'''
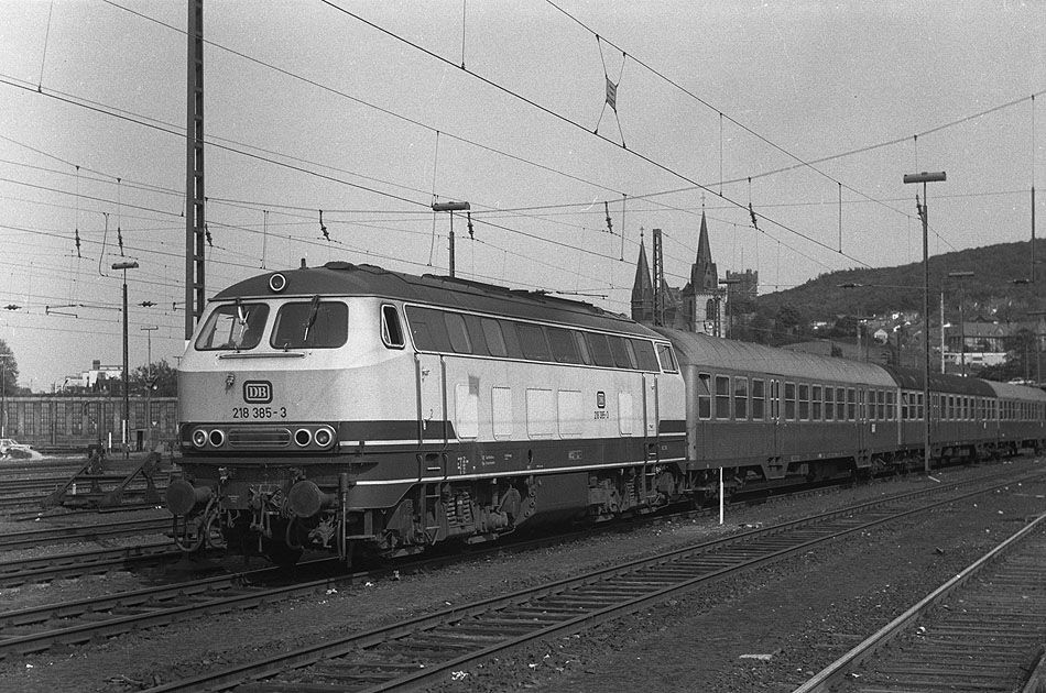 218 385 vom Bw Kaiserslautern am 16.10.1981 mit Nahschnellverkehrszug in Bingerbrück
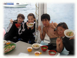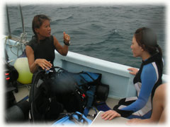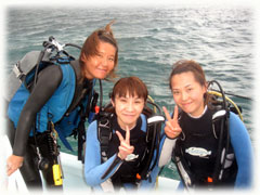 今日はっ・・久しぶりにオンナノコばっかりのレディースDAYになりました。BANANAがオープンした頃は、オンナノコの日がとても多かったけど、最近は、オトコのゲストさんにも多く来て頂けるようになりつつあります。なので、なんだか久しぶりの華やかなオンナノコの日です。。しかし、残念ながら・・・ 朝からくずついたお天気。海も少し時化気味です。朝一ダイブに、昨日からのお二人トモコさんとショウコさんが出港。-20mの海底にて温泉に浸かってきました。その間、ワタシは空港へお迎えに・・。。
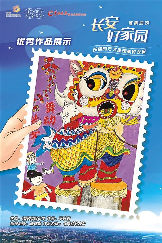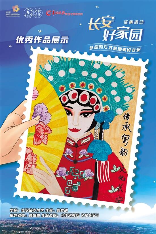 长安镇是龙狮之乡、粤剧之乡,长安中心小学李梓君和长安金沙小学陈烨朗分别创作绘画作品《舞动长安》和《传承粤韵》,来颂扬文化长安。长安实验中学的郭颖聪和傅晓烨等同学,则通过录制短视频,来表达对长安家园的祝福。
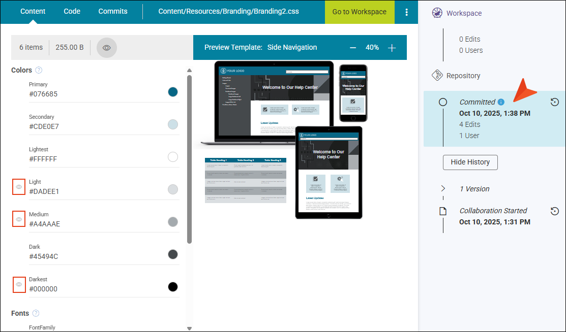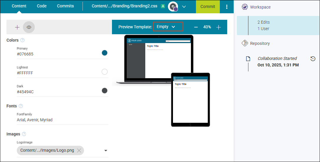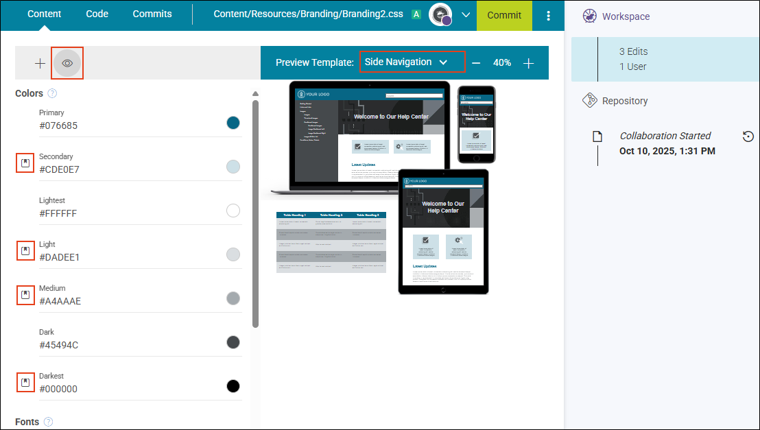 3. Click in the editor to update branding elements (e.g., color palette, logo, hero image, font), and see your choices update in the Preview. You can also manage branding properties in your stylesheet.
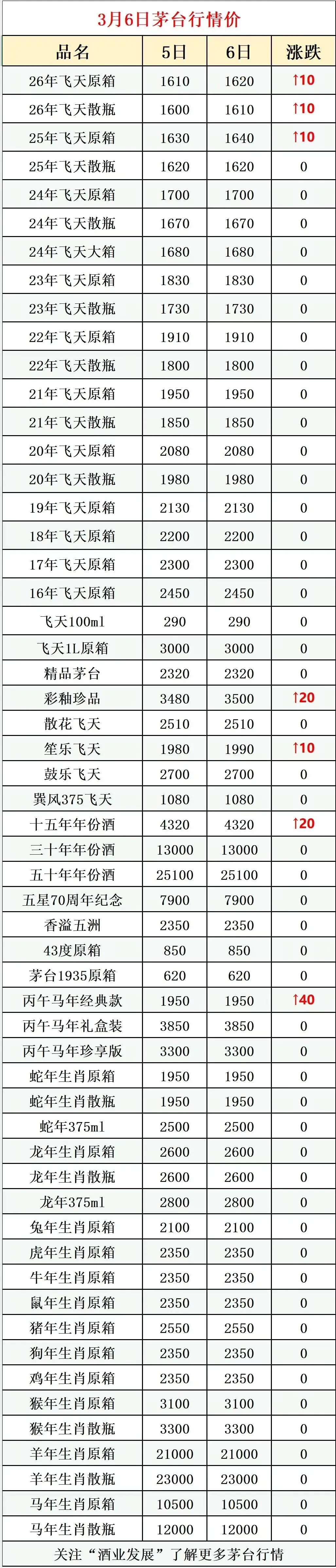 3月6日消息,据“酒业发展”监测数据披露,今日原件飞天茅台市场行情价在1615元上下浮动。
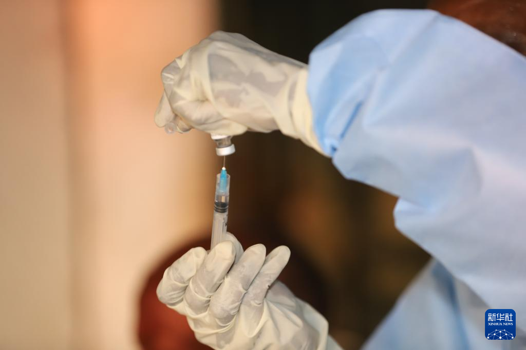 9月13日,在刚果(金)开赛省布拉佩卫生区,医护人员准备注射埃博拉疫苗。新华社发(世界卫生组织供图/若埃尔·伦巴拉摄)
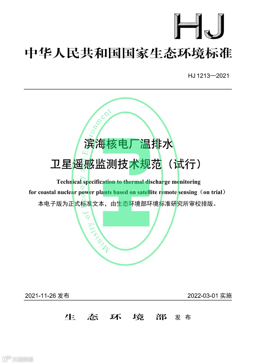 3、滨海核电厂温排水卫星遥感监测技术规范(试行)(HJ 1213—2021)
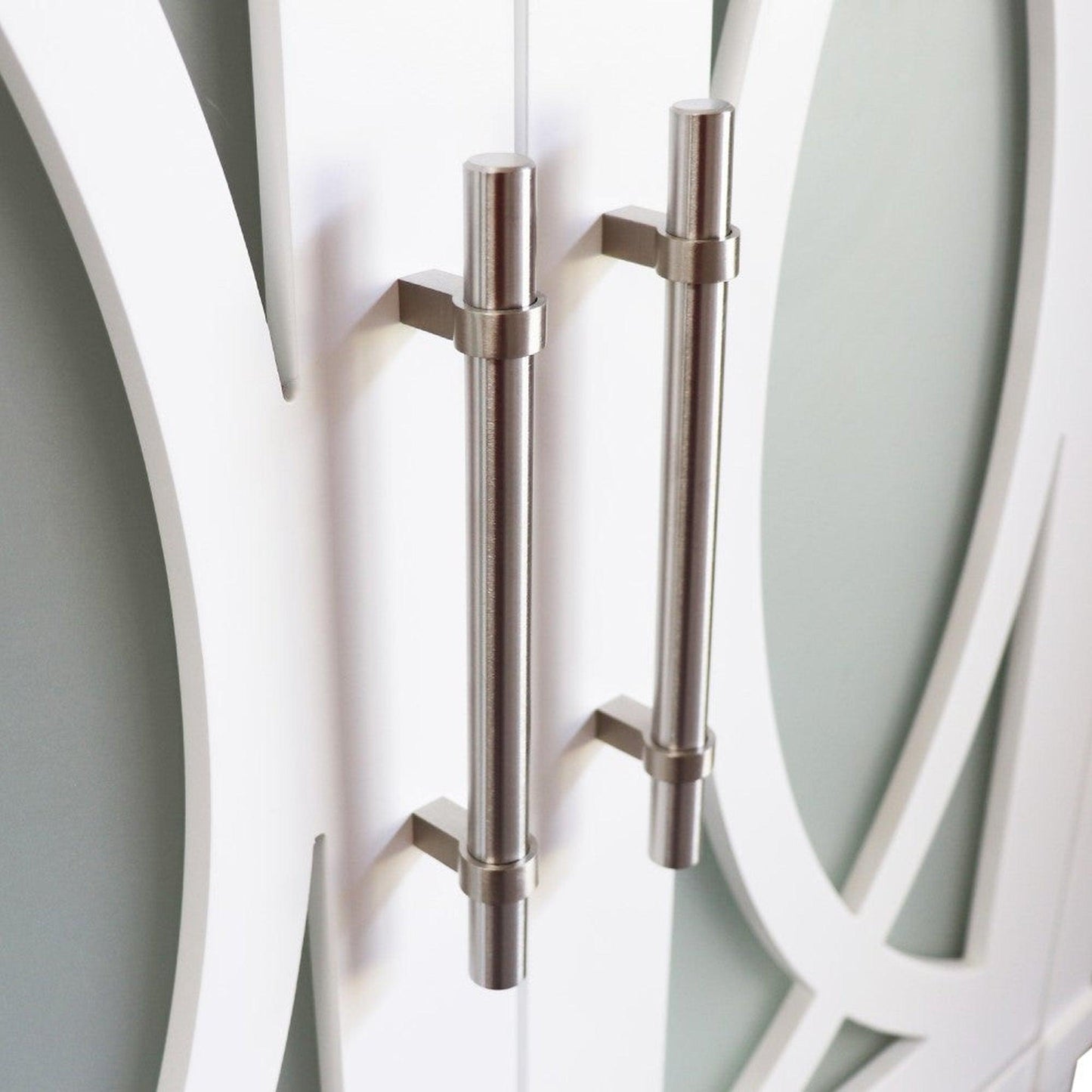 - Featuring a flat-front half circle motif door panels design with glass inserts.
'''
- **Task to complete**
Could you repeat all of the entries exactly, without any of the images?

- **Exercise answer**
 218 385 vom Bw Kaiserslautern am 16.10.1981 mit Nahschnellverkehrszug in Bingerbrück
 今日はっ・・久しぶりにオンナノコばっかりのレディースDAYになりました。BANANAがオープンした頃は、オンナノコの日がとても多かったけど、最近は、オトコのゲストさんにも多く来て頂けるようになりつつあります。なので、なんだか久しぶりの華やかなオンナノコの日です。。しかし、残念ながら・・・ 朝からくずついたお天気。海も少し時化気味です。朝一ダイブに、昨日からのお二人トモコさんとショウコさんが出港。-20mの海底にて温泉に浸かってきました。その間、ワタシは空港へお迎えに・・。。
 长安镇是龙狮之乡、粤剧之乡,长安中心小学李梓君和长安金沙小学陈烨朗分别创作绘画作品《舞动长安》和《传承粤韵》,来颂扬文化长安。长安实验中学的郭颖聪和傅晓烨等同学,则通过录制短视频,来表达对长安家园的祝福。
 3. Click in the editor to update branding elements (e.g., color palette, logo, hero image, font), and see your choices update in the Preview. You can also manage branding properties in your stylesheet.
 3月6日消息,据“酒业发展”监测数据披露,今日原件飞天茅台市场行情价在1615元上下浮动。
 9月13日,在刚果(金)开赛省布拉佩卫生区,医护人员准备注射埃博拉疫苗。新华社发(世界卫生组织供图/若埃尔·伦巴拉摄)
 3、滨海核电厂温排水卫星遥感监测技术规范(试行)(HJ 1213—2021)
 - Featuring a flat-front half circle motif door panels design with glass inserts.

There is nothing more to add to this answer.